_ABOUT THIS TASK_.
From the entries below, print exactly the span beginning with the line holding "N151840 | США" and ending with the line holding "故机组选型时,需考虑工程所在", endpoints included, and skip any pictures.

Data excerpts
·····
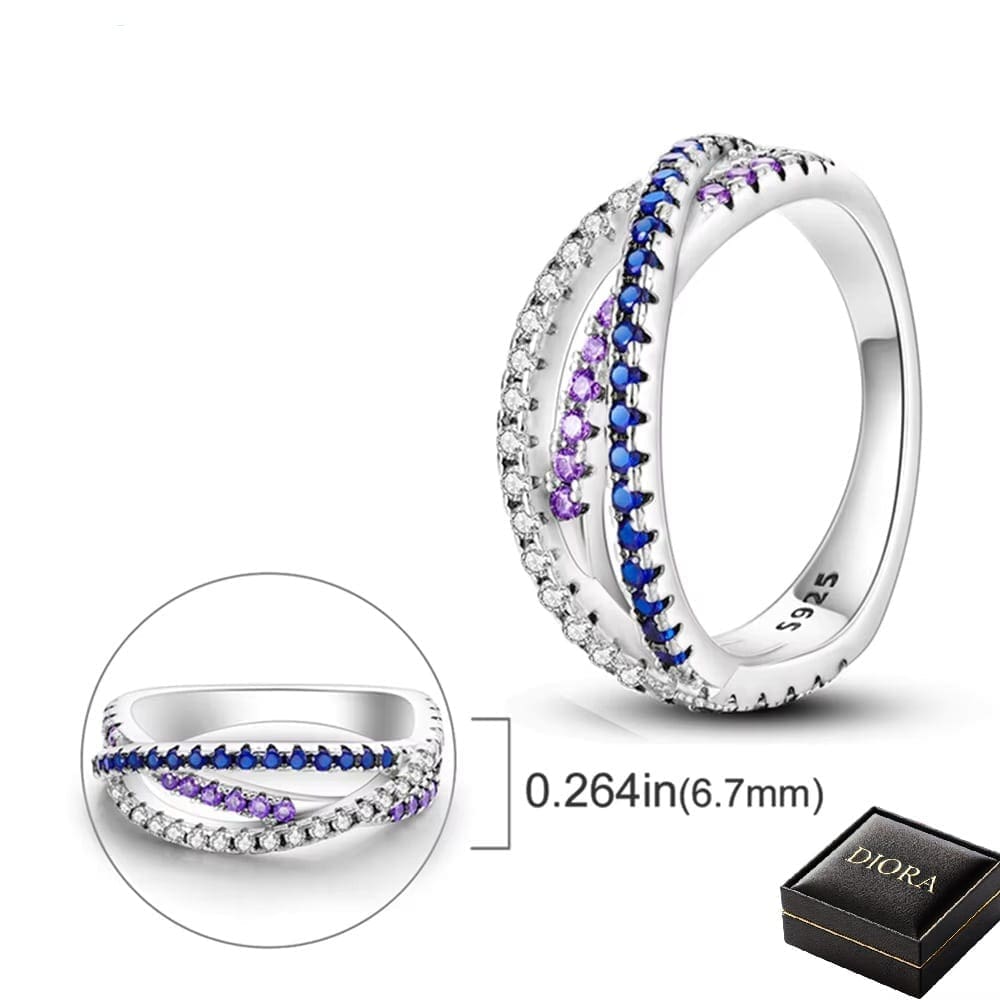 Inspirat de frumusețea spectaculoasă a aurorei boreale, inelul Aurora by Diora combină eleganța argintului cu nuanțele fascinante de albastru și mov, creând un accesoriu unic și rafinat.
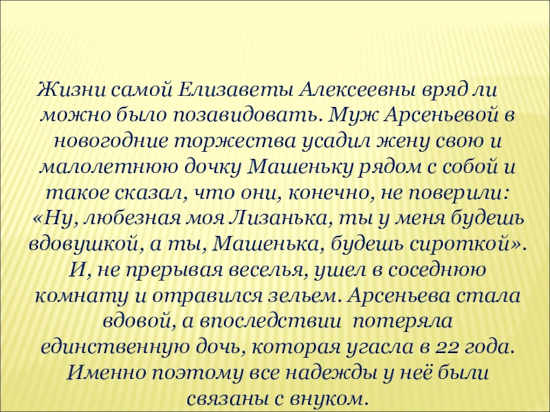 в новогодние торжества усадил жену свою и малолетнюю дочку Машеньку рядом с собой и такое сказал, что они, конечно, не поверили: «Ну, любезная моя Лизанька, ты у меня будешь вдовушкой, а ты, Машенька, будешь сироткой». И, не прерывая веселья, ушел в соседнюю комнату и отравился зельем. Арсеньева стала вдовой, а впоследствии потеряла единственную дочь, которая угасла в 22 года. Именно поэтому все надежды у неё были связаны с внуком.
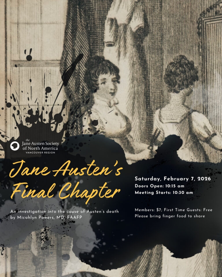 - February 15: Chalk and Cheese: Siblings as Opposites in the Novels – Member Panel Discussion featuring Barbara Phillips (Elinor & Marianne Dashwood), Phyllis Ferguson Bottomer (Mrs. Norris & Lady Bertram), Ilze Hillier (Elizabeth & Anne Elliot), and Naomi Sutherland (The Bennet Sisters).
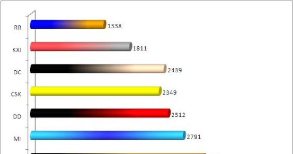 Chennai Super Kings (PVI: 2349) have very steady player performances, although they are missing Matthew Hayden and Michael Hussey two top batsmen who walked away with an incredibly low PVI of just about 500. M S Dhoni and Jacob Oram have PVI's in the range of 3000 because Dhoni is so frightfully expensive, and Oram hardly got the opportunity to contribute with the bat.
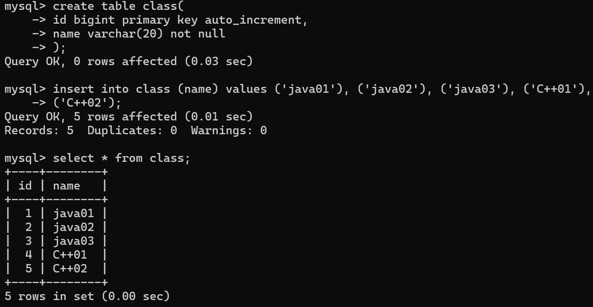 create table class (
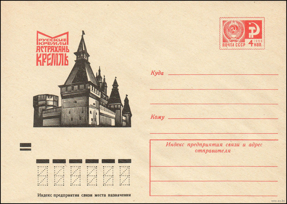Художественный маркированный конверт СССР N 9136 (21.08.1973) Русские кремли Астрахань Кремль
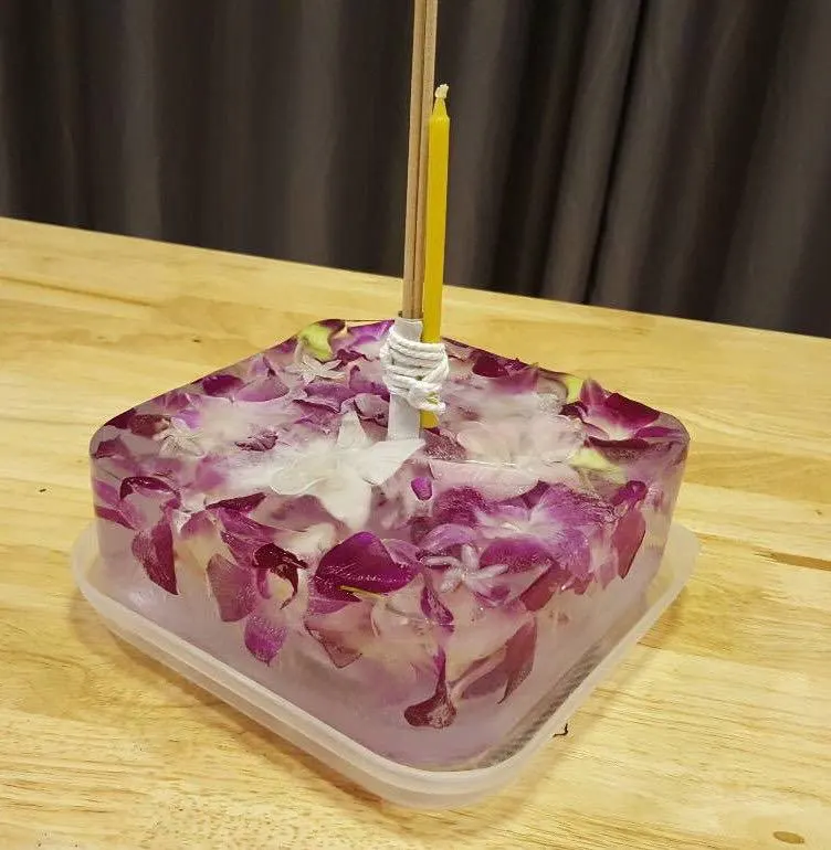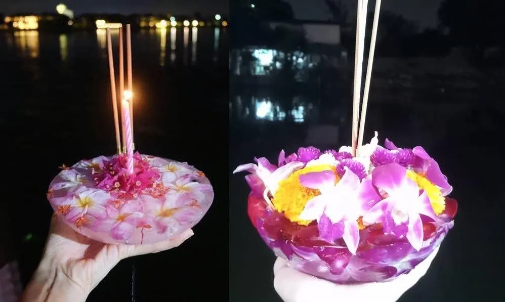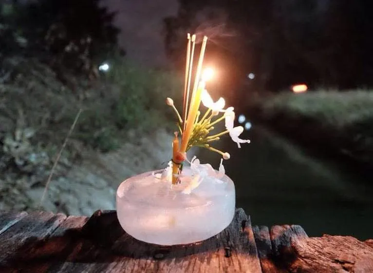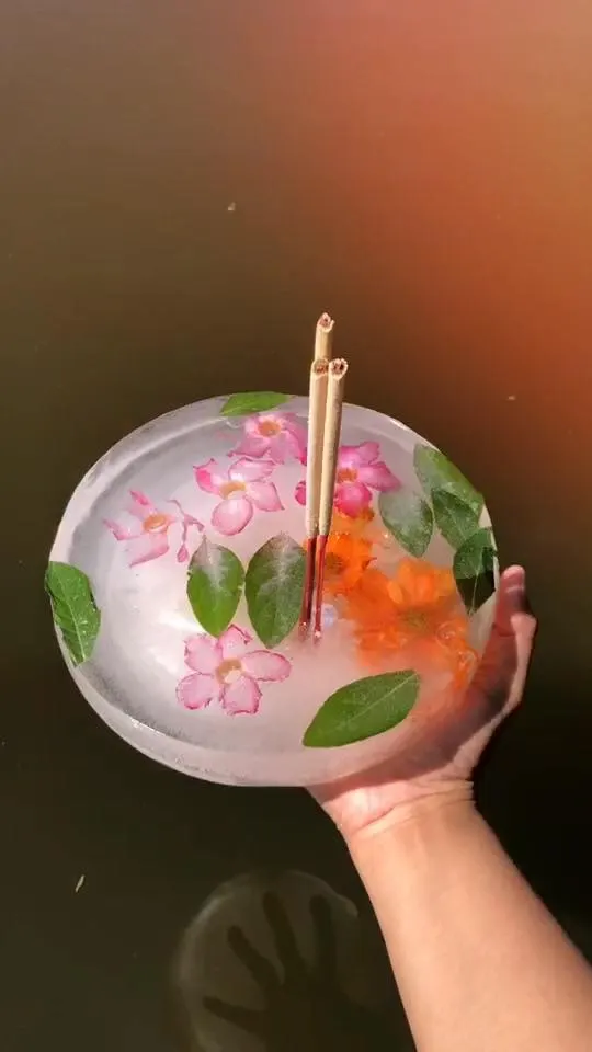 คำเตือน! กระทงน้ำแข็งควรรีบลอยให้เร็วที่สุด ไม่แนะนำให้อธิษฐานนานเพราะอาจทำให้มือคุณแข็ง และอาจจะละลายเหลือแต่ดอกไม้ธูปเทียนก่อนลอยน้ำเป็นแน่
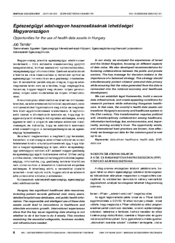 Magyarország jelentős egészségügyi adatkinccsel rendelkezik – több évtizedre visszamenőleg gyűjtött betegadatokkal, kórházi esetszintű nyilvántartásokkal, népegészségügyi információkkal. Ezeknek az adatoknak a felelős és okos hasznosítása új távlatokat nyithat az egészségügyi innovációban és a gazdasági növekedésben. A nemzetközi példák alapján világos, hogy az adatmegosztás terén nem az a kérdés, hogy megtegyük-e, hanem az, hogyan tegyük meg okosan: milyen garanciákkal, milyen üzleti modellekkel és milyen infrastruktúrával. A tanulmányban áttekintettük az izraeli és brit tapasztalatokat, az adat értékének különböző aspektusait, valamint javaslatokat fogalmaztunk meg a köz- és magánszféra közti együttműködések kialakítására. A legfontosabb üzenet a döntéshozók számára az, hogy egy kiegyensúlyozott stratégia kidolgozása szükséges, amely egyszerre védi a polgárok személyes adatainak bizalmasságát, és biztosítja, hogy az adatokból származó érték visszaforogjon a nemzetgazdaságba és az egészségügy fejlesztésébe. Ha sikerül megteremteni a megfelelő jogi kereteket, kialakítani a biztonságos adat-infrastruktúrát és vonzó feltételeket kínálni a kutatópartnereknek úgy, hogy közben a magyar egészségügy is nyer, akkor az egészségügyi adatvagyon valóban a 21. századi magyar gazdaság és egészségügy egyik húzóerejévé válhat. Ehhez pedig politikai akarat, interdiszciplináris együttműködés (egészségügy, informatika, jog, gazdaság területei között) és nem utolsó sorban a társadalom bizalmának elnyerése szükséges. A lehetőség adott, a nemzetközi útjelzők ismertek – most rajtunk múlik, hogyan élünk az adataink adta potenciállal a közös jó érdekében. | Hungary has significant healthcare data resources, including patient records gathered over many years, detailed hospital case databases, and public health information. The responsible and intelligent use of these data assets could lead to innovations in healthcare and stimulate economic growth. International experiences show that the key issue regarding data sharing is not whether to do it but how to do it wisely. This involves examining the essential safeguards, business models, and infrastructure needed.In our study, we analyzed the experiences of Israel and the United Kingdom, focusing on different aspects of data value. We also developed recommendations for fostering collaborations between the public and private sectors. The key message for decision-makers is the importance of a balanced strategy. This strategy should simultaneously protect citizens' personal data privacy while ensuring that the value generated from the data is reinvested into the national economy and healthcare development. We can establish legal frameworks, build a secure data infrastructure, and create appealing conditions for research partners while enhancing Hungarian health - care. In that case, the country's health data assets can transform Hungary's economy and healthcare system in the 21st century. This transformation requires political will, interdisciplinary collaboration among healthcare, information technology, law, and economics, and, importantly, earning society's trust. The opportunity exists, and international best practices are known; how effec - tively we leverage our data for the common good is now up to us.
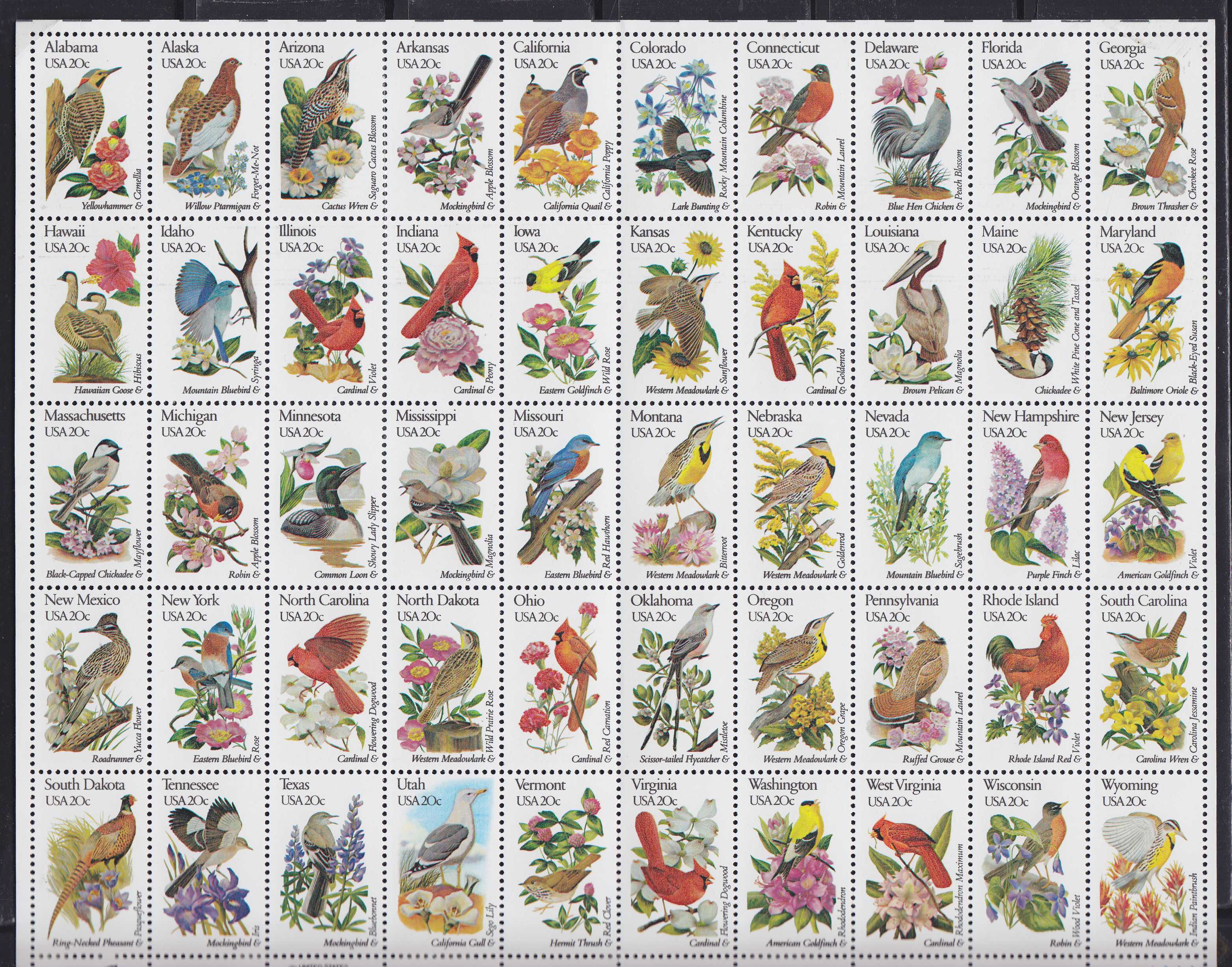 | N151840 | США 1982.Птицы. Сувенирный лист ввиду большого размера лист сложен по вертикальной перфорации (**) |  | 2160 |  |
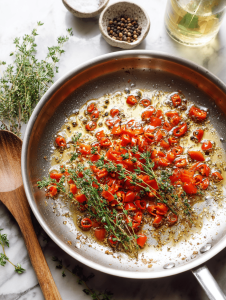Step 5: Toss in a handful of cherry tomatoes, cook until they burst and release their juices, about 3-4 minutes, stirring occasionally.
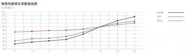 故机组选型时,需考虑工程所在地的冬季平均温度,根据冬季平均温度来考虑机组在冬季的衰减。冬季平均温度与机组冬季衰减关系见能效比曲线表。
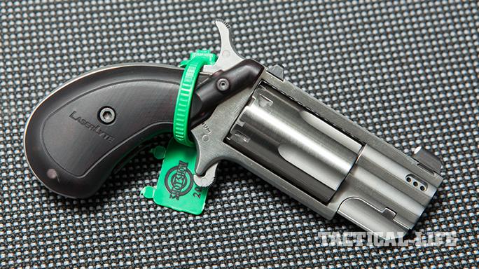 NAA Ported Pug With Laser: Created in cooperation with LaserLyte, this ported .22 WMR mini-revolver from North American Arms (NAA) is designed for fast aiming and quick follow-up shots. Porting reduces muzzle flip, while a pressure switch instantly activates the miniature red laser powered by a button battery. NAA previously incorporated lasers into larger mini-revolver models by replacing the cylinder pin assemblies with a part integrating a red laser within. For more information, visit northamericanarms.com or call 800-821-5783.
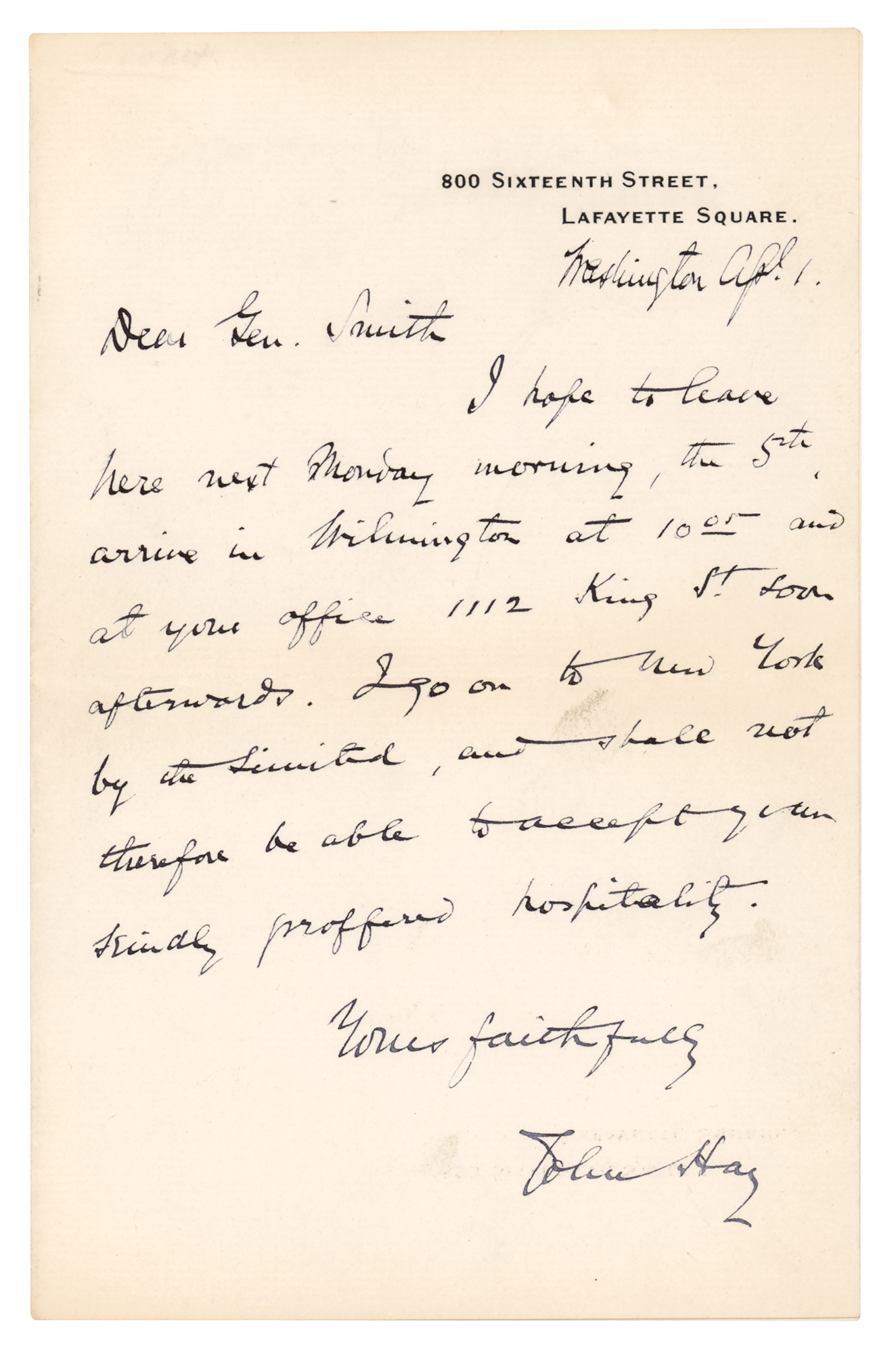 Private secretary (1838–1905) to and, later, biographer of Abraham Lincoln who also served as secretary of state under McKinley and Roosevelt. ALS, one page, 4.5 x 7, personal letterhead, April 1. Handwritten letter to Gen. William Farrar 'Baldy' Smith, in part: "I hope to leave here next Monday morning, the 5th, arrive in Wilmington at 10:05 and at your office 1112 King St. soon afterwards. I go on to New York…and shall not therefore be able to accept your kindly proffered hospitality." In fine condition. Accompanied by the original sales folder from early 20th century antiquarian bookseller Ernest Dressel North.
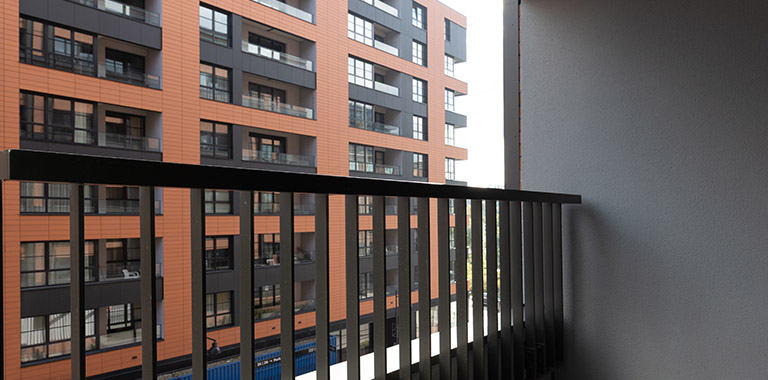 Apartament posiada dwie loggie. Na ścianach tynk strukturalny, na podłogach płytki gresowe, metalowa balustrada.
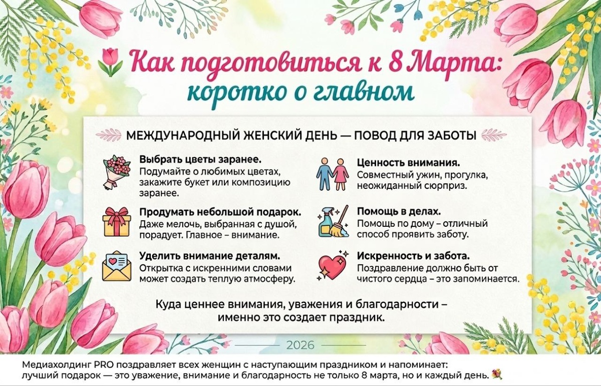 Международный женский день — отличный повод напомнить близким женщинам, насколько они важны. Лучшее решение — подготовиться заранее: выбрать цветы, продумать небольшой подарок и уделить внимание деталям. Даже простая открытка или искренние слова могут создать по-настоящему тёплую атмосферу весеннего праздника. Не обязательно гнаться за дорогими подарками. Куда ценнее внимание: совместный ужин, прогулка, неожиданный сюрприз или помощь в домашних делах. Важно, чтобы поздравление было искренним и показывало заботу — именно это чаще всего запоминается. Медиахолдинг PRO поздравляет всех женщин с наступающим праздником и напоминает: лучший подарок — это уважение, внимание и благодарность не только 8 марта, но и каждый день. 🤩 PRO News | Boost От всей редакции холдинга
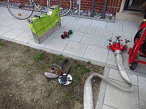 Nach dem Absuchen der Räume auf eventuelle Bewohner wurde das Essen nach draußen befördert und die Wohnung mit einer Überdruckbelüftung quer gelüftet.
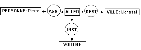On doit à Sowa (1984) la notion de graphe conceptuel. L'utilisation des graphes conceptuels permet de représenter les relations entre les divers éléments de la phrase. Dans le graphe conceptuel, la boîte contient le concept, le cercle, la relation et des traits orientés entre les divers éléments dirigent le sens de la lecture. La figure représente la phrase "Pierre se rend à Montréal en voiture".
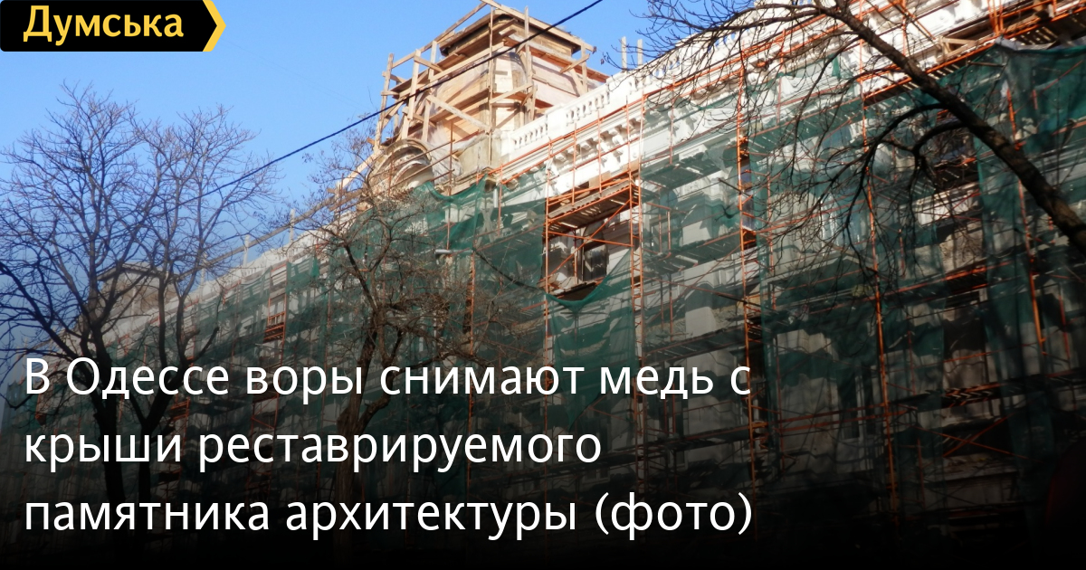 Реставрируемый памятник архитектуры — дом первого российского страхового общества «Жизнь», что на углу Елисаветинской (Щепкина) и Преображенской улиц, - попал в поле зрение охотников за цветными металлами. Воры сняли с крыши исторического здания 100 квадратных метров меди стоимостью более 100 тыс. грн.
·····
_RESPONSE AREA_.
 | N151840 | США 1982.Птицы. Сувенирный лист ввиду большого размера лист сложен по вертикальной перфорации (**) |  | 2160 |  |
Step 5: Toss in a handful of cherry tomatoes, cook until they burst and release their juices, about 3-4 minutes, stirring occasionally.
 故机组选型时,需考虑工程所在地的冬季平均温度,根据冬季平均温度来考虑机组在冬季的衰减。冬季平均温度与机组冬季衰减关系见能效比曲线表。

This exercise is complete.